Recorded data:
= Beginning of Section =
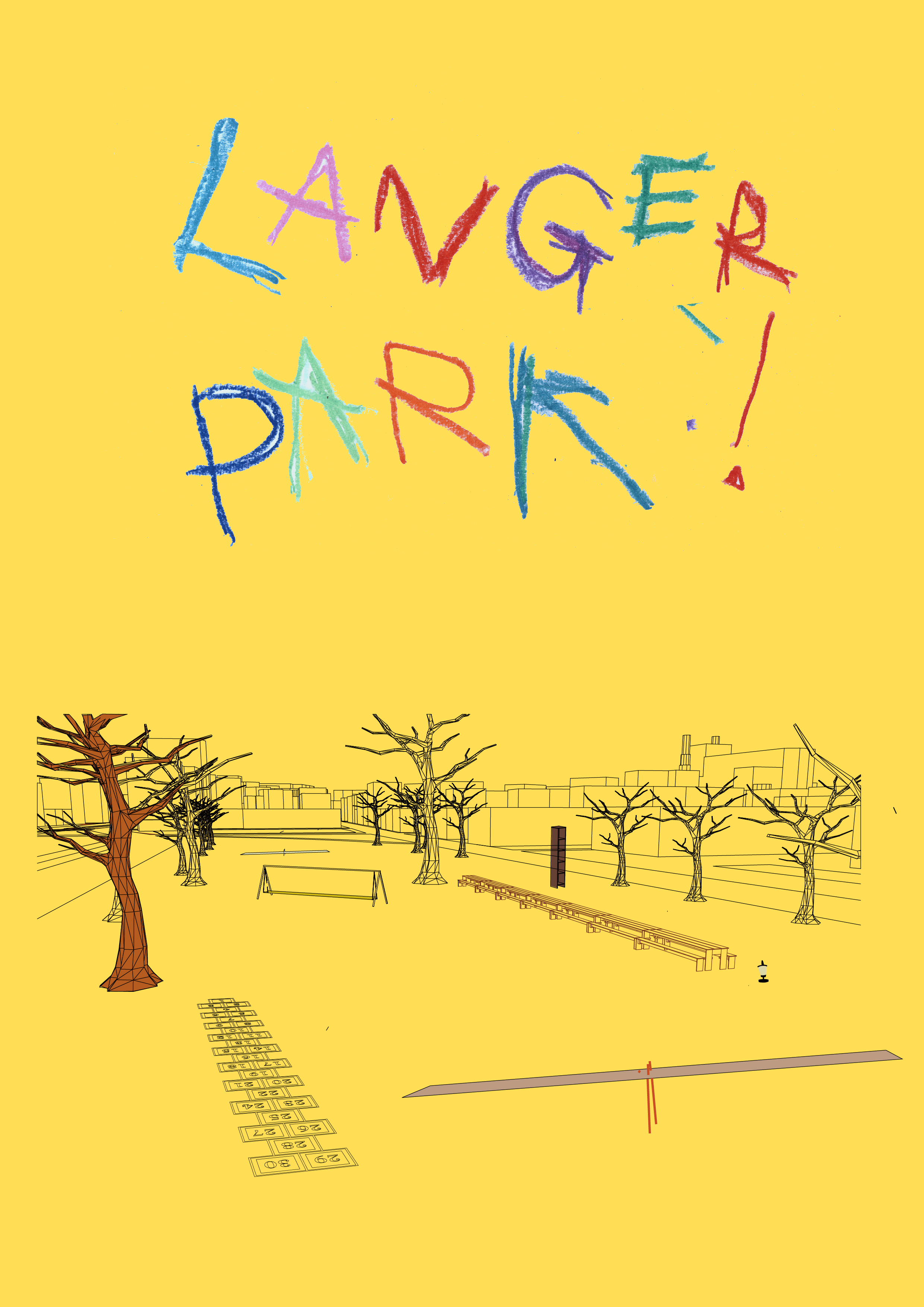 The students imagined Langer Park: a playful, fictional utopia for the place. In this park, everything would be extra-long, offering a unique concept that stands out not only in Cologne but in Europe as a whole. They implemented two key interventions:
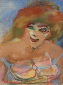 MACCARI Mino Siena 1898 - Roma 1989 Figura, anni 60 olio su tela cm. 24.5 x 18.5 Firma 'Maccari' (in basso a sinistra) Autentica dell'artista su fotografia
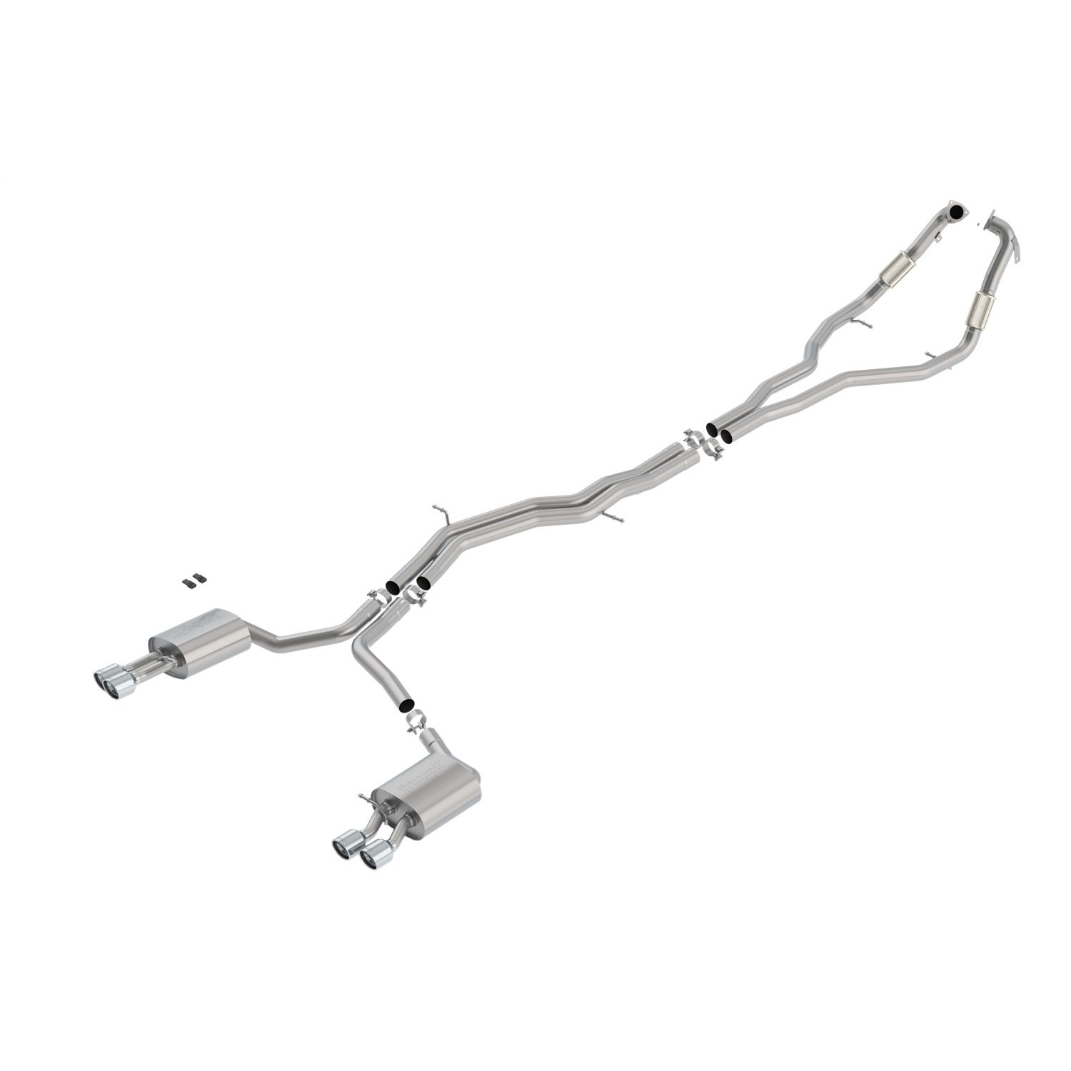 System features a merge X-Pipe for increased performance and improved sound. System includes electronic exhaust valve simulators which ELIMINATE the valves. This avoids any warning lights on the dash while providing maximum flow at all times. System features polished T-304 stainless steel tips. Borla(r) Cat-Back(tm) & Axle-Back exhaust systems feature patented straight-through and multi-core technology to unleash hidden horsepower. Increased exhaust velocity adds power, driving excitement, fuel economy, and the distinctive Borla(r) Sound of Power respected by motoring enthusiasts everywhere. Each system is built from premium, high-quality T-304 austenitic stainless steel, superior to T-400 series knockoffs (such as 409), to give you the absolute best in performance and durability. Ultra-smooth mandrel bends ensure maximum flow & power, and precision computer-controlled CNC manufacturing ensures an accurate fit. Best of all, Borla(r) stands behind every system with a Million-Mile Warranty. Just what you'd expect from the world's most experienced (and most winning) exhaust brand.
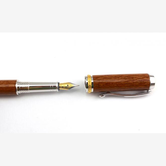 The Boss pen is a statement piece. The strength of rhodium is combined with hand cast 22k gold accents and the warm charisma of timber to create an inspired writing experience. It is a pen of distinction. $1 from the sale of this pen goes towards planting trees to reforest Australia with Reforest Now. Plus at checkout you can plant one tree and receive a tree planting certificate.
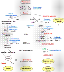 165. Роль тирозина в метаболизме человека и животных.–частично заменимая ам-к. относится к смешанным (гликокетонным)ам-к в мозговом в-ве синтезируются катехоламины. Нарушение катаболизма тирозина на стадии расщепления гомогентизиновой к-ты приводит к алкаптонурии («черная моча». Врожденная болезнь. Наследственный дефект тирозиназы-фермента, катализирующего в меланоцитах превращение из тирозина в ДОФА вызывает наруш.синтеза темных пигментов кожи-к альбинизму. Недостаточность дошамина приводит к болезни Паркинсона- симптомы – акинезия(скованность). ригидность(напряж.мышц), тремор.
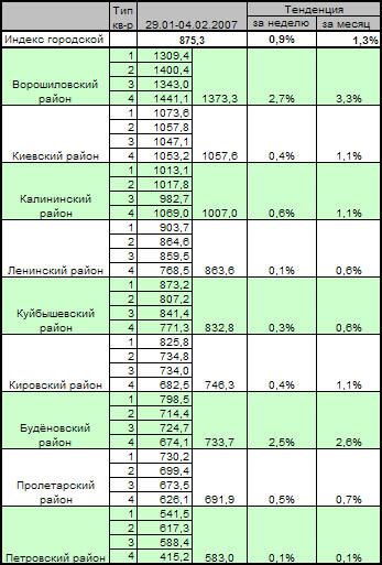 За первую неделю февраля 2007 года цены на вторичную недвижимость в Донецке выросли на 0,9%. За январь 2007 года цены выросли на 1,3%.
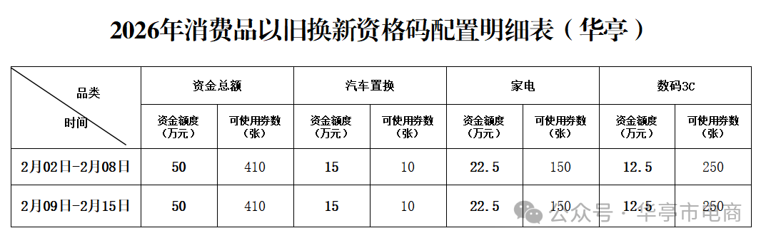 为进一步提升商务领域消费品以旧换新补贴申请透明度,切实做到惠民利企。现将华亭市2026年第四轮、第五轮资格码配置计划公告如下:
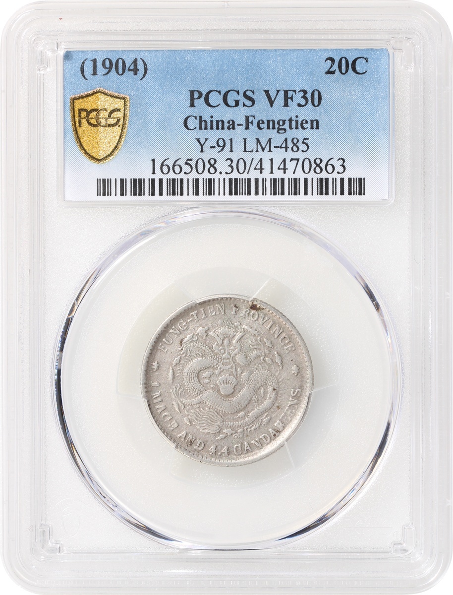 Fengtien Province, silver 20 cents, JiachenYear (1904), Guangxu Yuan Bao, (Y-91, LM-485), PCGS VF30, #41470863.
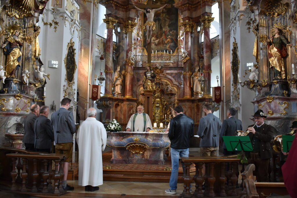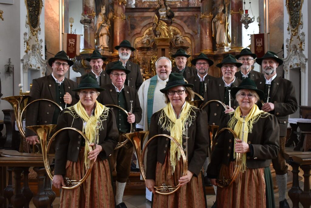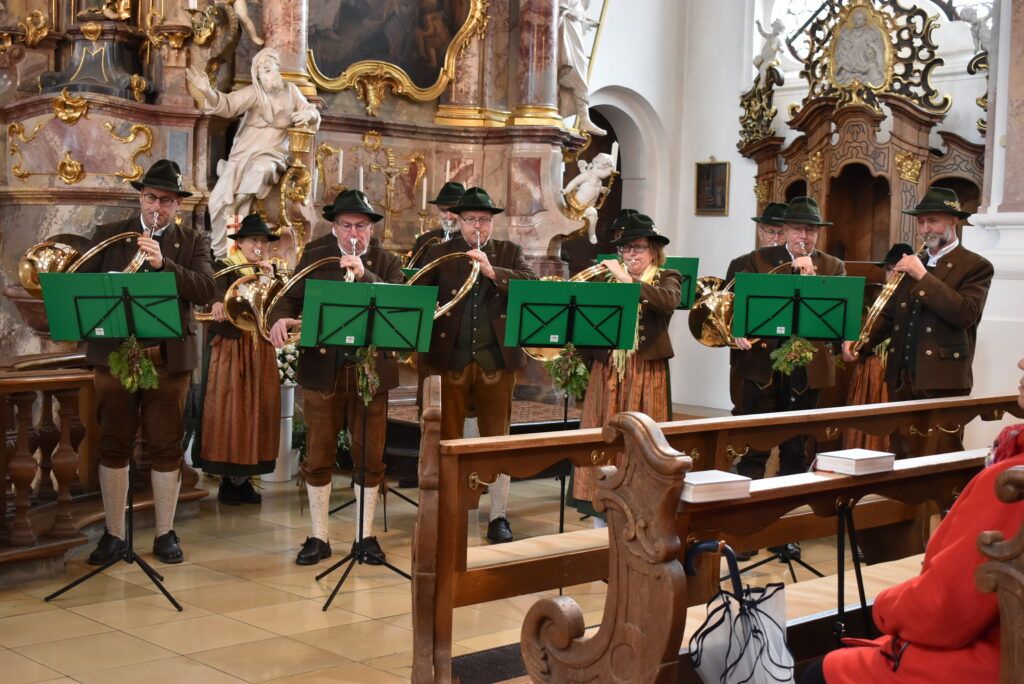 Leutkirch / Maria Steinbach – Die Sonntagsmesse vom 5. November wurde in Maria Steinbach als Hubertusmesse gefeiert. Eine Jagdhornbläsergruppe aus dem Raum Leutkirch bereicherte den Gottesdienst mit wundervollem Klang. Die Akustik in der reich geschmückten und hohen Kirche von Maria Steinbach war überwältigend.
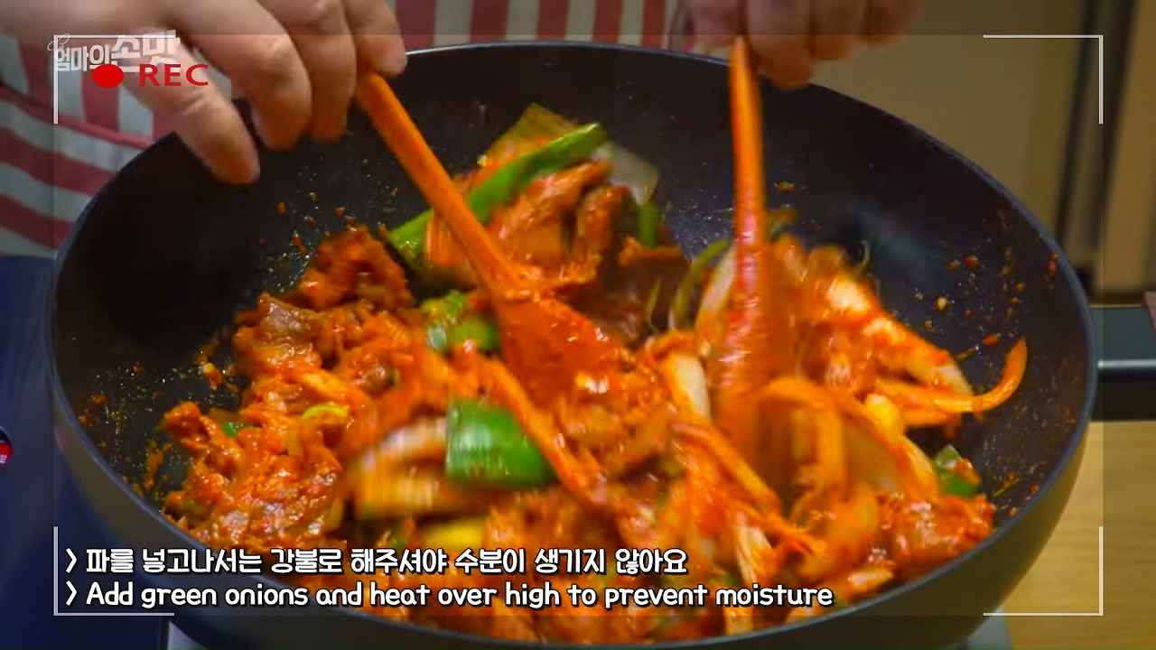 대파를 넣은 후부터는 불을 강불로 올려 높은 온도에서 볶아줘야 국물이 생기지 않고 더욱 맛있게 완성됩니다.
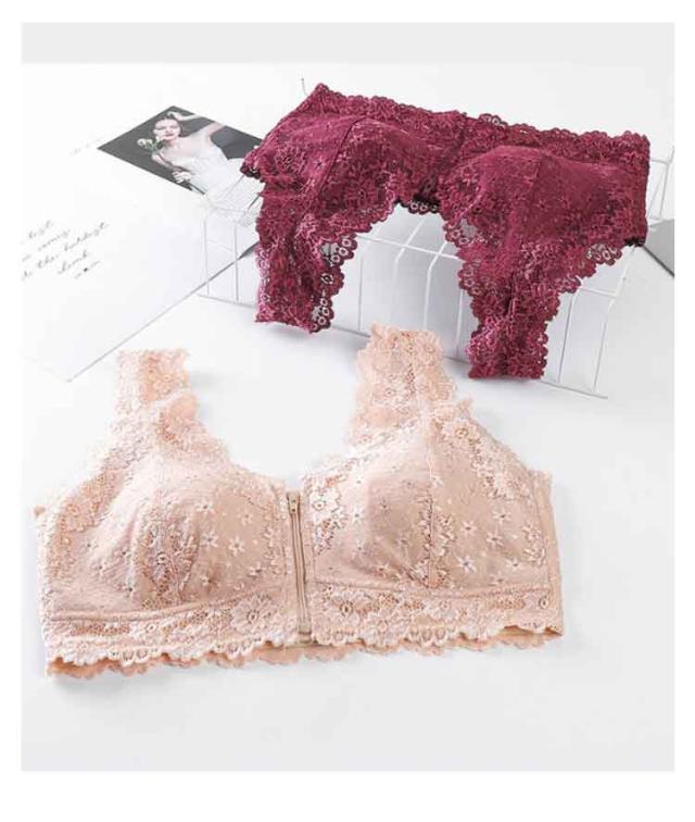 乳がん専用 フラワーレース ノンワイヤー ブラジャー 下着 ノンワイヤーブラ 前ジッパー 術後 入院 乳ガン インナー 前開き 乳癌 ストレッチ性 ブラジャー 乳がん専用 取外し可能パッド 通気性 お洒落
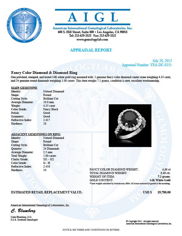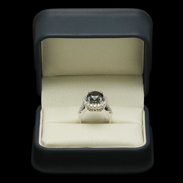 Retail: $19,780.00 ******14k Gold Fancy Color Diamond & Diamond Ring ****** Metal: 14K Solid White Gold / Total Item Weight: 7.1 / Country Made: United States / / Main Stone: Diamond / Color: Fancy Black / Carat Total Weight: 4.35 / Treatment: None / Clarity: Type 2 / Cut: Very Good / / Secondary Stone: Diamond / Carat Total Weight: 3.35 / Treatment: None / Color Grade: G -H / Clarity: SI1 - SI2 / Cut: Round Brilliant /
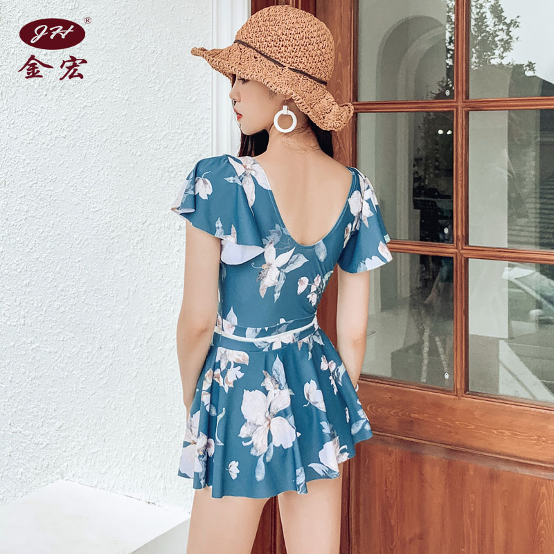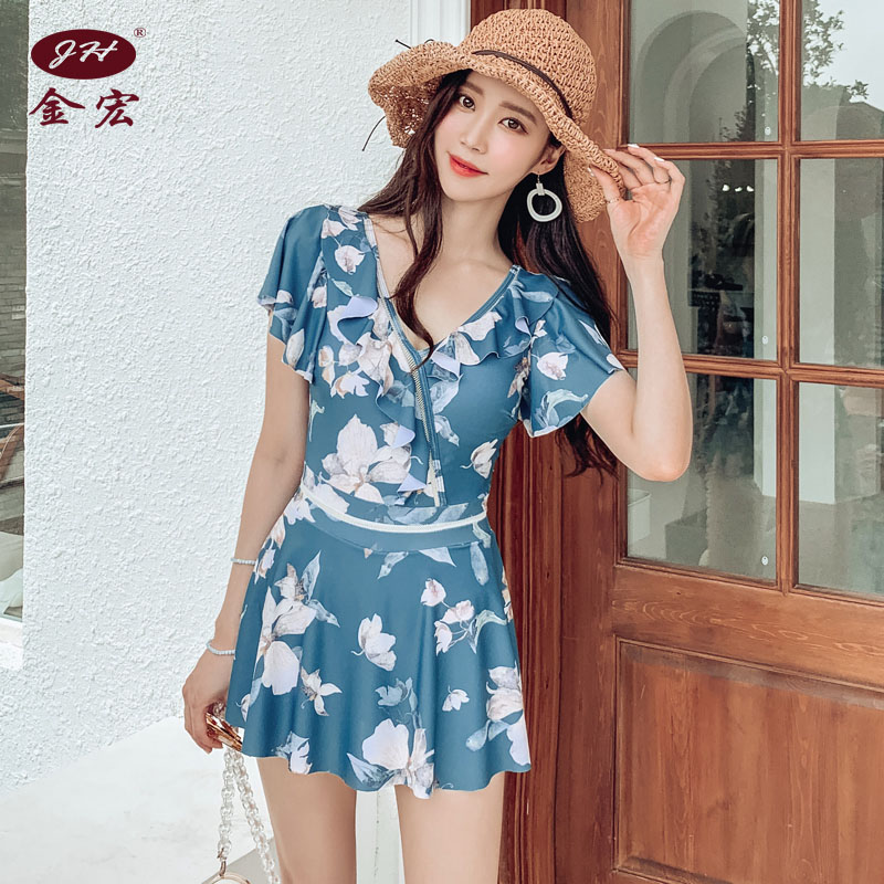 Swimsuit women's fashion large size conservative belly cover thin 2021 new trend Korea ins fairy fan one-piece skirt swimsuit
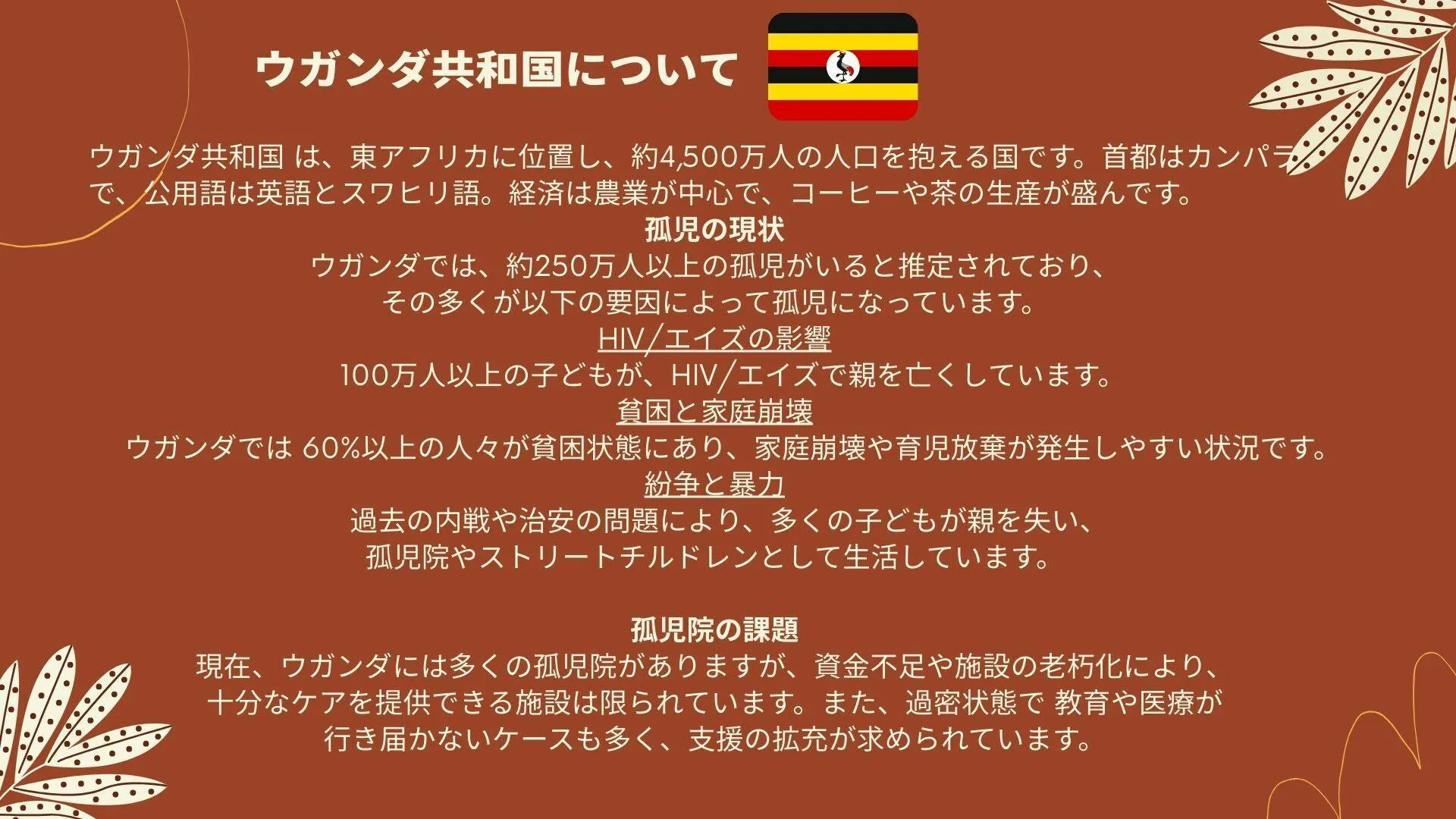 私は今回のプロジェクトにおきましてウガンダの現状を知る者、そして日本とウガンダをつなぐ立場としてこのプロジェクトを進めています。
= End of Section =
- What the exercise asks -
The reply should hold exactly the lines above, starting at the line with "165. Роль тирозина" and ending at the line with "乳がん専用 フラワーレース ノンワイヤー", and no pictures.

- Solution -
 165. Роль тирозина в метаболизме человека и животных.–частично заменимая ам-к. относится к смешанным (гликокетонным)ам-к в мозговом в-ве синтезируются катехоламины. Нарушение катаболизма тирозина на стадии расщепления гомогентизиновой к-ты приводит к алкаптонурии («черная моча». Врожденная болезнь. Наследственный дефект тирозиназы-фермента, катализирующего в меланоцитах превращение из тирозина в ДОФА вызывает наруш.синтеза темных пигментов кожи-к альбинизму. Недостаточность дошамина приводит к болезни Паркинсона- симптомы – акинезия(скованность). ригидность(напряж.мышц), тремор.
 За первую неделю февраля 2007 года цены на вторичную недвижимость в Донецке выросли на 0,9%. За январь 2007 года цены выросли на 1,3%.
 为进一步提升商务领域消费品以旧换新补贴申请透明度,切实做到惠民利企。现将华亭市2026年第四轮、第五轮资格码配置计划公告如下:
 Fengtien Province, silver 20 cents, JiachenYear (1904), Guangxu Yuan Bao, (Y-91, LM-485), PCGS VF30, #41470863.
 Leutkirch / Maria Steinbach – Die Sonntagsmesse vom 5. November wurde in Maria Steinbach als Hubertusmesse gefeiert. Eine Jagdhornbläsergruppe aus dem Raum Leutkirch bereicherte den Gottesdienst mit wundervollem Klang. Die Akustik in der reich geschmückten und hohen Kirche von Maria Steinbach war überwältigend.
 대파를 넣은 후부터는 불을 강불로 올려 높은 온도에서 볶아줘야 국물이 생기지 않고 더욱 맛있게 완성됩니다.
 乳がん専用 フラワーレース ノンワイヤー ブラジャー 下着 ノンワイヤーブラ 前ジッパー 術後 入院 乳ガン インナー 前開き 乳癌 ストレッチ性 ブラジャー 乳がん専用 取外し可能パッド 通気性 お洒落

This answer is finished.